I've also tested the taskbar at the left and the menu immediately to the right of it. This is doable but also not quite as pretty. Menu on the left and taskbar in the middle is really perfect.
If you go into settings -> appearance -> window decorations, there's a button "Get New Window Decorations". I've downloaded one called Windows11-Polarnight. Now the decorations and panel look like the Windows Aero design i.e. silvery.
Some more details about the look and feel. I also made it so that maximized windows don't have window decoration at the top, as per my design. There's a kwin script called Truely Maximized that does this and the feature's borrowed from GNOME. Unfortunately it isn't possible for windows that are only vertically maximized though.

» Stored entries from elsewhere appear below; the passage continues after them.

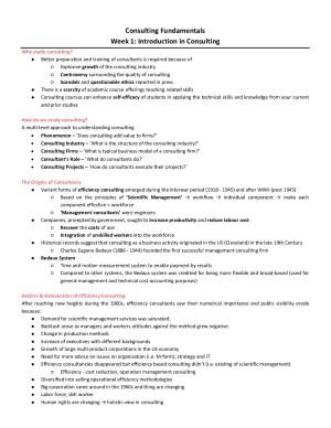This is a summary of Consulting Fundamental week 1-12. All essential materials that you need to prepare for your open-book exam are all here including all cases and the missing answers from the classes! Go grab one and be confident for your final exam! There is no week 5 due to presentation week. Week 1: Introduction to Consulting Week2: Theoretical and Empirical Perspective of Consulting Week 3: Consulting Operating Models & Engagement Lifecycles Week 4: Managing Client-Consultant Relationship Week 6: Structured Problem Solving Week 7: Structured Communication Week 8: Managing Change as Consultants Week 9: Strategy Consulting Week 10: Operations Consulting Week 11: Career Management in Consulting Week 12: Professional Issues and Ethics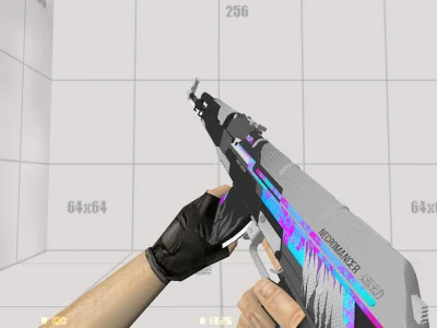 Модель AK-47 «Necromancer» - контраст чёрного и белого металла дополняют яркие неоновые всплески фиолетового и голубого, словно энергия тёмной магии проходит по корпусу оружия.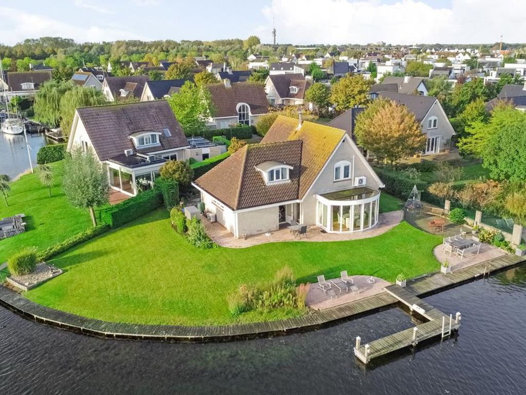 Rondom het huis is een fijne onderhoudsvriendelijke tuin aangelegd met een groot gazon aan de achterzijde. Volwassen struiken, groene hagen en grote bomen zorgen voor optimale privacy. Er zijn verschillende terrassen gemaakt. Het grote terras ligt aan de waterkant, waar u altijd van de zon kunt genieten. De andere twee terrassen liggen bij de serre en bij de steiger. Door de unieke lokatie heeft u vanaf elk terras een prachtig uitzicht op het Goese Meer.
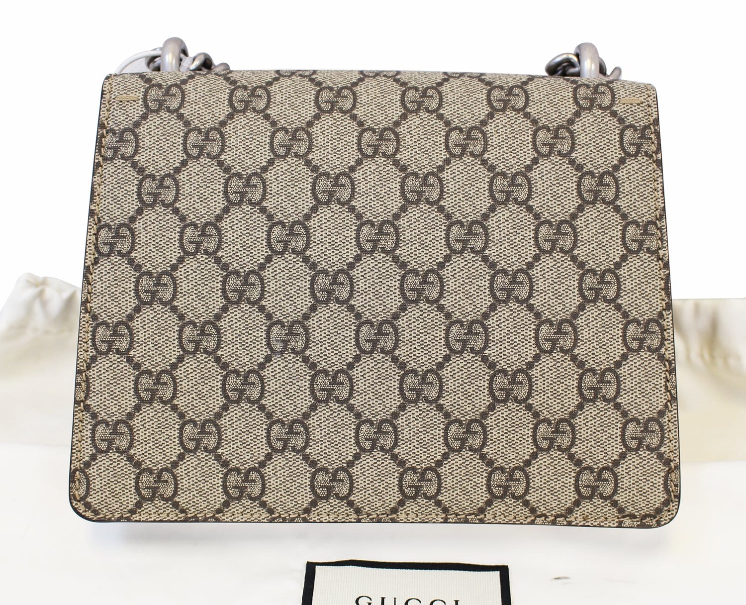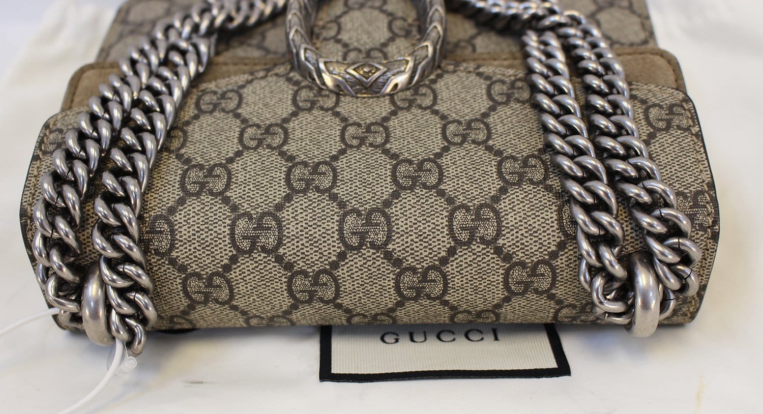 The Dionysus shoulder bag is a newer style from Gucci that has already become a classic. Featuring structured GG Supreme canvas and gorgeous taupe suede trim. The textured tiger head closure is a reference to the Greek god Dionysus. The sliding chain strap can be worn on the shoulder or carried by hand.

Personally I like focus-follows-mouse but this clashes with a global menu because while your mouse is traveling to the menu, you focus another window and then the menu changes. So I have click-to-focus but the first click that a window receives won't raise it. Just like the default settings in macOS.
It's simple: I've put the application launcher to the right of the taskbar instead of the top left corner, and I've changed the icon to a plus icon. KDE lets you pick from a whole list of icons and I simply picked a plus icon from there. For maximum browser analogy you can have it open a horizontal launcher bar that takes the full width (like a navigation bar) but personally I like the regular start menu because it lets me easily launch applications with a few clicks.
Alt+t launches the start menu (as if you're opening a new browser tab, but now a window instead).
Alt+w closes the focused window.
Middle clicking on a task bar entry closes that window.
Like I said, kwin is a stacking wm which doesn't support actually splitting the screen into frames, but there's a key binding for making a window occupy the left half of the screen and another one for making it occupy the right half, just like what was introduced in Windows 7 (in fact, I use the same key bindings for that). On top of that, windows snap to the edges of other windows while you're resizing one, so you can easily make one window occupy 2/3rds of the screen and another one the remaining 1/3rd.
Okay that's all. A screenshot will follow soon.
I feel like my XFCE setup does a lot of that as its default. Top bar, thin, icon and title. The one thing it doesn't have is easy splitting.
Edit: Aw sweet. I set up key bindings. I have tiling now.
A lot of these are subtle. Yes that's right, in the end turned into something pretty close to the standard design. Also in the original post I forgot to mention one thing which is that middle clicking a task bar entry now closes that window (just like it would close a browser tab).
Can you fit everything inside a single panel?
Yes. There isn't that much there. But yes. The thinner you make it ironically the more you can fit. Also thinner mean it is more similar it is to fullscreen for applications by default. I didn't narrow it any more than the default but if I did run out of space I would take 4 vertical pixels off and that would give me quite a few more horizontal pixels to spare.
I'm not a heavy mouse user so anything up there would be something to click. I don't want a ton of those anyway.
I'm on a rooted chromebook as my most frequent system so I'm not wasting any space. I'd like to get rid of window decorations entirely. But I got rid of them for my terminal and my browser integrates the tabs into the window decoration so it mostly doesn't matter.
The only useful things on a window decoration are the exit and dragging a window. That can be replaced by alt-f4 or super-q and alt-drag. It seems odd to waste an entire row of content for a single button.